I’m STILL stuck on this… I’m really eager to get to the bottom of this whole coalescing business but am unable to… I’ve read all available documentation (and re-read it, several times) and have scoured the forums and internet in search of a definitive answer or a clear explanation. I know some of you have already tried to help me with this but it seems we never got to the bottom of it.

I’ve now upgraded to CUDA3.0 and here are the results of one of my applications using the profiler:

It appears there’s no longer a gst_efficiency? Is this coalesced or not?
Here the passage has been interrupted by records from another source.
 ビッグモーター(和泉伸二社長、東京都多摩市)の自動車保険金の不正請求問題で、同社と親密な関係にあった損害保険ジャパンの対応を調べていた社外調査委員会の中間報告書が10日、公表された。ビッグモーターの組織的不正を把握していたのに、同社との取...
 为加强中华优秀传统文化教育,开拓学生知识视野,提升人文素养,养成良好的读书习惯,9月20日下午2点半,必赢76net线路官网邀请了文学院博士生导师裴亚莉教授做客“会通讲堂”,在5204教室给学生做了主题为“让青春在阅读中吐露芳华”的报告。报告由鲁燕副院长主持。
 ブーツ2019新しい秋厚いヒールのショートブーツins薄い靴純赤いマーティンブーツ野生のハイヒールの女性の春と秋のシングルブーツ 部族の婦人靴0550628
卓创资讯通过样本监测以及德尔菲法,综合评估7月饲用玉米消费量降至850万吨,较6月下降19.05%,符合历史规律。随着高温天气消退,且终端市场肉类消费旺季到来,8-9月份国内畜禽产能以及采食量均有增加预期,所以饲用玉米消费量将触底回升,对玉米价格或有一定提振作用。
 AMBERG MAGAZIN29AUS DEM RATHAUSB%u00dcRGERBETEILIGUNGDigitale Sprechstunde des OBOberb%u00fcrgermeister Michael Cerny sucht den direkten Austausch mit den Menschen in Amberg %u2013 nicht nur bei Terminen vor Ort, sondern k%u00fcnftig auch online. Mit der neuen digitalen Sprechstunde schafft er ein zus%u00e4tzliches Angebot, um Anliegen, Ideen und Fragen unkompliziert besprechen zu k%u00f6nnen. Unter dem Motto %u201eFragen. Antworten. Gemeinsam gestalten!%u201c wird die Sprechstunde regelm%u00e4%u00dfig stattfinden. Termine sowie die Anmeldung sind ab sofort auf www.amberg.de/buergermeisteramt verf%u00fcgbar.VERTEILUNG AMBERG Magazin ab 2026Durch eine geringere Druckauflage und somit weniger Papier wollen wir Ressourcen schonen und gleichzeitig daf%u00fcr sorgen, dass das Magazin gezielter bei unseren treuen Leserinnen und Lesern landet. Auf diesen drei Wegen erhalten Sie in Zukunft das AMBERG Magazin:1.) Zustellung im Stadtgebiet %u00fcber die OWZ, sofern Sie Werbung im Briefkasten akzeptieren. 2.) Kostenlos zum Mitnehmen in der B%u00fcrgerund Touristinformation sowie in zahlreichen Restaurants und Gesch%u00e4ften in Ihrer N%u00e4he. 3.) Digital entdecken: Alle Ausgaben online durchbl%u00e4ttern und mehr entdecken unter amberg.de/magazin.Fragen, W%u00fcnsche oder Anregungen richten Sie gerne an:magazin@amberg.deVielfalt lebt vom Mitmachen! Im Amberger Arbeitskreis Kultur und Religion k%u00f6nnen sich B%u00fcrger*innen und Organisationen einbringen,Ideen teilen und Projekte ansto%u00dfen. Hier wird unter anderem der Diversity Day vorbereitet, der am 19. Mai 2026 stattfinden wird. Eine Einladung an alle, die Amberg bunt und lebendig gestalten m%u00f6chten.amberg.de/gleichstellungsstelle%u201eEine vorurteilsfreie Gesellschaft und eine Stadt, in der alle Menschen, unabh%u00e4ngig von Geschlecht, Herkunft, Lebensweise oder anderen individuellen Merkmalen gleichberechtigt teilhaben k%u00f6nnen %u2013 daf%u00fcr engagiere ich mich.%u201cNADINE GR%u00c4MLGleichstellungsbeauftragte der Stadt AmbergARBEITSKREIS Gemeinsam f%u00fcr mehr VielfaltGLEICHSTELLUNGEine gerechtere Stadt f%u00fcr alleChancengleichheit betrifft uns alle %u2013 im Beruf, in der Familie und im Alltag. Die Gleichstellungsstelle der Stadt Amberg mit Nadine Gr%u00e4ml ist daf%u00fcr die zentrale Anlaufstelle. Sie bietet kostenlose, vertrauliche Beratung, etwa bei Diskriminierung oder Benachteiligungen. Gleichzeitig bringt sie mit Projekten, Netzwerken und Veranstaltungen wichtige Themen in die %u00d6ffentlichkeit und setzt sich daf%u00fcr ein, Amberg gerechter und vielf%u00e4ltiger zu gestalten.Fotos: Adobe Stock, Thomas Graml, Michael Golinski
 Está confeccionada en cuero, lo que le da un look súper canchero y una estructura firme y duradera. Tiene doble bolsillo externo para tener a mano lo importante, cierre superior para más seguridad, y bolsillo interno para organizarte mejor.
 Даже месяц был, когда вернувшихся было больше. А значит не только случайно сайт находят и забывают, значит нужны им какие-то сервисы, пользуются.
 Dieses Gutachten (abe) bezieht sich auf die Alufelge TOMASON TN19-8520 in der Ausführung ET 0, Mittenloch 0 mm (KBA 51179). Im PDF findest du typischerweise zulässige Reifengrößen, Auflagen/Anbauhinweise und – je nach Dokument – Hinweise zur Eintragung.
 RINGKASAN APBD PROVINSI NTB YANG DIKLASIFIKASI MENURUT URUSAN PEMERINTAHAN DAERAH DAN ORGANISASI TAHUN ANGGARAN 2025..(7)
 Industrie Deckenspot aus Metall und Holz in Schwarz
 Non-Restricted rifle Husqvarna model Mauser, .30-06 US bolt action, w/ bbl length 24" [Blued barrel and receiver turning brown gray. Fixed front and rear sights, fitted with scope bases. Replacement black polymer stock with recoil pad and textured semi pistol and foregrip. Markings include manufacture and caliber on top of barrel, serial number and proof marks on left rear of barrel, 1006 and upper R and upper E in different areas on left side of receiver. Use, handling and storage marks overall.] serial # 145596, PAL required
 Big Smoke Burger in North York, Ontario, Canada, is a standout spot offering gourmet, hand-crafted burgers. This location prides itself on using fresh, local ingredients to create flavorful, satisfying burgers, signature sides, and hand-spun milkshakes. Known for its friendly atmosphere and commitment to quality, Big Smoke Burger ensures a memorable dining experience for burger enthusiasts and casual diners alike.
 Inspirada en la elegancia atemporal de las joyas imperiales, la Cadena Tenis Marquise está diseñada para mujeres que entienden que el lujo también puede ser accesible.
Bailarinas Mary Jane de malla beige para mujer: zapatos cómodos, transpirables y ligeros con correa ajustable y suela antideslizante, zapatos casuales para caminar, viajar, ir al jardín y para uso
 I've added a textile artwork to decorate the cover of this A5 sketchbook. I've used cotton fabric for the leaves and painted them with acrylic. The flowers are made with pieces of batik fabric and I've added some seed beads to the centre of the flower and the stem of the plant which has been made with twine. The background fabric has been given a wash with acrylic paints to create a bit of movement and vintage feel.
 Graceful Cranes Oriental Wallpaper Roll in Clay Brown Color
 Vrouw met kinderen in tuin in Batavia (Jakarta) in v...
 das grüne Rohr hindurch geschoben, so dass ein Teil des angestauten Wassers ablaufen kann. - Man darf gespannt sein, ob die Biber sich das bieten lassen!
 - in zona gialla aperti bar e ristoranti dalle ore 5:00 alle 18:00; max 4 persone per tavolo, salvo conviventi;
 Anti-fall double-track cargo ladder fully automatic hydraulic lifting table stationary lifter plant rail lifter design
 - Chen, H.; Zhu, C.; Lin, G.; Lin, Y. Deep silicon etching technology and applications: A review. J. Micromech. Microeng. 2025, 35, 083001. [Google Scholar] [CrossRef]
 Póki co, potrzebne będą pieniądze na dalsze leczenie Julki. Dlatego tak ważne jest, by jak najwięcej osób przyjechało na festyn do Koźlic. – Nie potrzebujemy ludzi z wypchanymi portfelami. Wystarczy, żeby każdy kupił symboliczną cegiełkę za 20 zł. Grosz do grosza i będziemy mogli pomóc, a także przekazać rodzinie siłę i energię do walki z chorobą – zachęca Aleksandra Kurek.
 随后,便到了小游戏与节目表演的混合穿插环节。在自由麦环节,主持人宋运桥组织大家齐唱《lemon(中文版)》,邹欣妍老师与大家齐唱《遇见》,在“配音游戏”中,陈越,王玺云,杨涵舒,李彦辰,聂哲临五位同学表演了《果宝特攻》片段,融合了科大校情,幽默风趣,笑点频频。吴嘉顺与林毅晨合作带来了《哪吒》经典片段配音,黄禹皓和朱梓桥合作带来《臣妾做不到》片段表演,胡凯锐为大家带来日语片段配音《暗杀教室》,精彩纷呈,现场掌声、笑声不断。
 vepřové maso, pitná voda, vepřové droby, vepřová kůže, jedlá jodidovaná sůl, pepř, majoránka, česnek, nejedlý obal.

Why?

Update: CUDA2.3 vs CUDA3.0 timing and cudaprof profiling

/*

 * ---------------------------

 * CUDA 2.3 (cudaprof) RESULTS

 * ---------------------------

 *

 * FLOAT (4bytes)	

 * width=1 --> 0.1670730 gst efficiency, 0.9125260 instruction throughput [6.70403 ms]

 * width=2 --> 0.1670730 gst efficiency, 0.2488550 instruction throughput [13.6427 ms]

 * width=3 --> 0.0835366 gst efficiency, 0.1401990 instruction throughput [20.9702 ms]

 * width=4 --> 0.0835366 gst efficiency, 0.0789088 instruction throughput [28.4861 ms]

 * width=5 --> 0.0556911 gst efficiency, 0.0605162 instruction throughput [36.5757 ms]

 * width=6 --> 0.0556911 gst efficiency, 0.0466050 instruction throughput [45.6414 ms]

 * width=10 --> 0.033415 gst efficiency, 0.0218390 instruction throughput [84.0510 ms]

 *

 * DOUBLE (8bytes)

 * width=1 --> 0.1670730 gst efficiency, 0.4957300 instruction throughput [13.4160 ms]

 * width=2 --> 0.0835366 gst efficiency, 0.1355670 instruction throughput [26.6588 ms]

 * width=3 --> 0.0556911 gst efficiency, 0.0734652 instruction throughput [41.1372 ms]

 * width=4 --> 0.0417683 gst efficiency, 0.0423322 instruction throughput [56.3955 ms]

 * width=10 --> 0.016707 gst efficiency, 0.0163741 instruction throughput [154.675 ms]

*/

/*

 * CUDA 3.0 (cudaprof) RESULTS

 *

 * FLOAT (4B, 64-bit)

 * width=1 --> Time taken: 0.225888 milliseconds. [9284.03 Million Writes/Second] | 100% gst_64b | 0.518179 instruction_throughput

 * width=2 --> Time taken: 0.652352 milliseconds. [6429.51 Million Writes/Second] | 90.5% gst_64b, rest gst_128b

 * width=3 --> Time taken: 1.23091 milliseconds. [5111.22 Million Writes/Second]  | 93.3% gst_64b, rest gst_128b 

 * width=4 --> Time taken: 2.02573 milliseconds. [4141.03 Million Writes/Second]  | 90.0% gst_64b, rest gst_128b

 * width=5 --> Time taken: 3.13894 milliseconds. [3340.54 Million Writes/Second]  | 91.6% gst_64b, rest gst_128b

 * width=6 --> Time taken: 4.41062 milliseconds. [2852.86 Million Writes/Second]  | 89.7% gst_64b, rest gst_128b

 * width=15 --> Time taken: 24.286 milliseconds. [1295.29 Million Writes/Second]  | 88.4% gst_64b, 10% gst_128b, rest gst_32b | 0.0343001 instruction_throughput

*/

#define N (1<<21)  // ~2M

__global__ void naive(TYPE* d){

	int tid = blockDim.x*blockIdx.x+threadIdx.x;

	TYPE R = RESULT;

	

	if (tid < N){

		for (int w=0; w<WIDTH; ++w){

			d[tid*WIDTH+w] = R;

			// t0: 0

	   			// t1: 1*W+W

					// t15: 15*W+W

					// tn: nW+W = W(n+1) = 16W bytes = 64W byte segment size(float)

			// According to ProgrammingGuide (pg91) coalescing will occur if all

		 		// threads access a segment of size 128bytes for 4/8-byte words and so

						// coalescing should occur for width=1 or width=2 ?

		}		

	}

}
  1. How do you know what’s perfectly coalesced? And, if not, how close (1…1/16)?

  2. If we compare, for example, width=1 with width=15 can we just divide instruction throughputs to get a relative performance ratio:

    (0.518179 instruction throughput) / (0.0343001 instruction_throughput) =~ 15.1

    thus, w=1 is 15x faster than w=15 ??